Nesse sentido, o Superior Tribunal de Justiça, já vinha se posicionando e delimitando os requisitos necessários para a aplicação da excludente de responsabilidade, disposto no art. 393 do Código Civil, que trata do “motivo de força maior” e do “caso fortuito”.
Pelo entendimento exarado pela Corte Superior, para aplicação do dispositivo legal é necessário que a situação que leve ao descumprimento do encargo (i) torne a obrigação impossível de se cumprir; (ii) seja inevitável e; (iii) que não decorra da atividade empresarial desenvolvida, caracterizada como fortuito interno (Resp 1450434/SP).
Assim, a crise econômica, por si só, não poderá ser aceita como argumento para o descumprimento de obrigações, visto que, no entendimento do STJ, estaria dentro dos riscos do desenvolvimento da atividade empresarial, considerado como risco interno (Resp 1341605/PR), nas palavras do Exmo. Ministro Luis Felipe Salomão, citando Bruno Miragem, (…) Em se tratando de responsabilidade objetiva (fundada no risco), a”força maior”, apta a afastar a responsabilidade do devedor, deverá consubstanciar impossibilidade genérica reconhecida em relação a qualquer pessoa. Nessa perspectiva, distingue-se o caso fortuito interno – que, por envolver risco inerente à atividade desempenhada, não poderá ser invocado como excludente da responsabilidade objetiva- do caso fortuito externo (ou força maior), “em que o dano decorre de causa completamente estranha à conduta do agente, e por isso causa de exoneração de responsabilidade” (Miragem, Bruno. Direito civil: direito das obrigações. São Paulo: Saraiva, 2017, p. 530-532)”.
Desta forma, é preciso que o descumprimento da obrigação esteja acompanhado de conjunto fático-comprobatório que demonstre que decorreu não apenas por mera crise financeira, mas que a crise instaurou-se em função da pandemia, demonstrando, assim, o nexo causal entre o estado de calamidade pública e os motivos que levaram determinada pessoa ou empresa à insolvência.
Não fosse assim, o caos poderia ser instaurado nas relações privadas, visto que, qualquer um poderia requerer a aplicação do fenômeno do “caso fortuito” ou de “força maior”, gerando uma inadimplência generalizada nas relações jurídicas, o que agravaria demasiadamente a crise já vivida.

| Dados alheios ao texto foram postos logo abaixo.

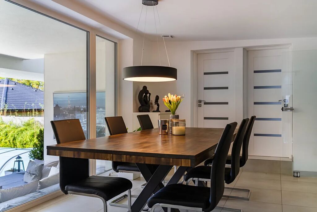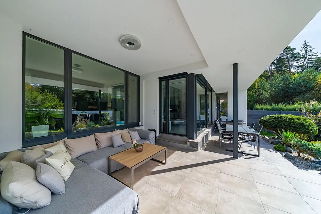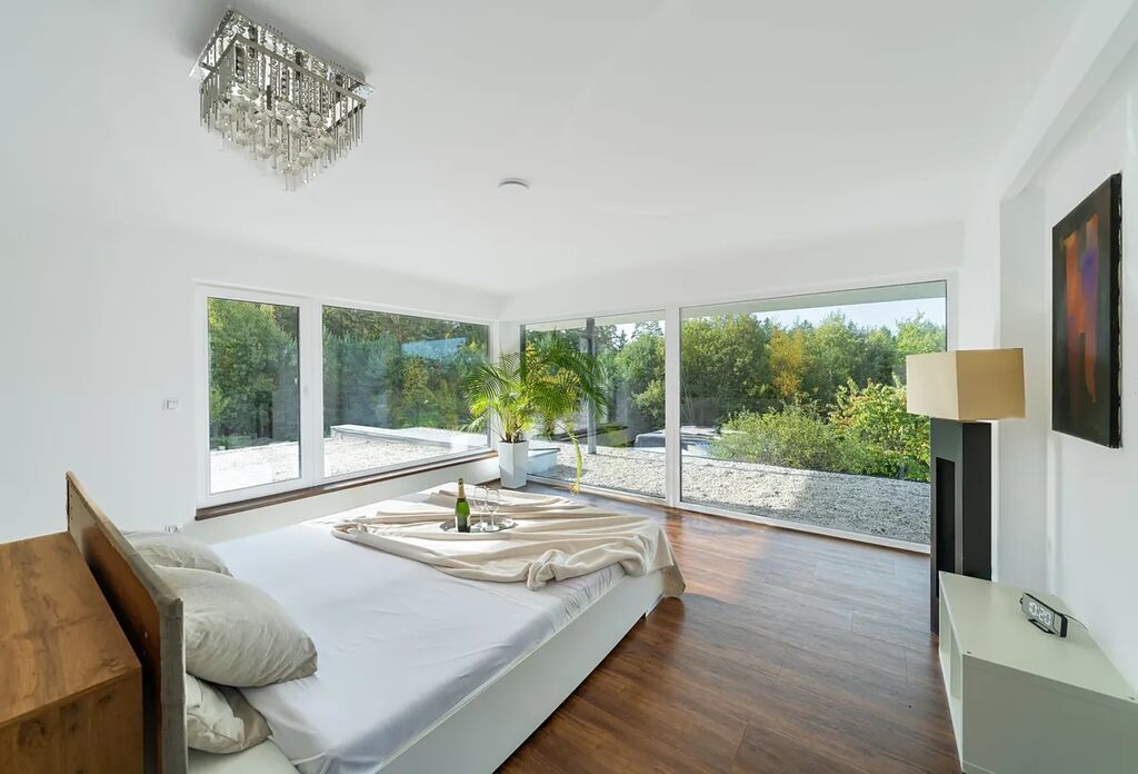 Už při příjezdu vás uchvátí architektura v moderním španělském stylu, která působí noblesně a přitom lehce – přesně jako domy v částech Evropy, kde se klade důraz na detail, harmonii a propojení s přírodou. Vila stojí na rozlehlém pozemku přímo u lesa, takže každý den začíná v naprostém klidu a končí pocitem, že jste na své soukromé dovolené.

Não é demais lembrar que, as ações distribuídas hoje, com pedidos que envolvam a pandemia, poderão se arrastar por anos e, muitas, somente trarão segurança jurídica, com o trânsito em julgado, daqui uns 5 (cinco) anos ou mais.
Diante desse cenário, é importante que as empresas avaliem suas condições como credoras e/ou como devedoras e tenham em mente que, antes de qualquer decisão, que primem por uma análise abrangente, de forma a cogitar a possibilidade de um acordo e, somente em último caso, a judicialização de suas contendas, por ser medida mais onerosa, demorada e que, a curto prazo, traz pouca ou quase nenhuma efetividade.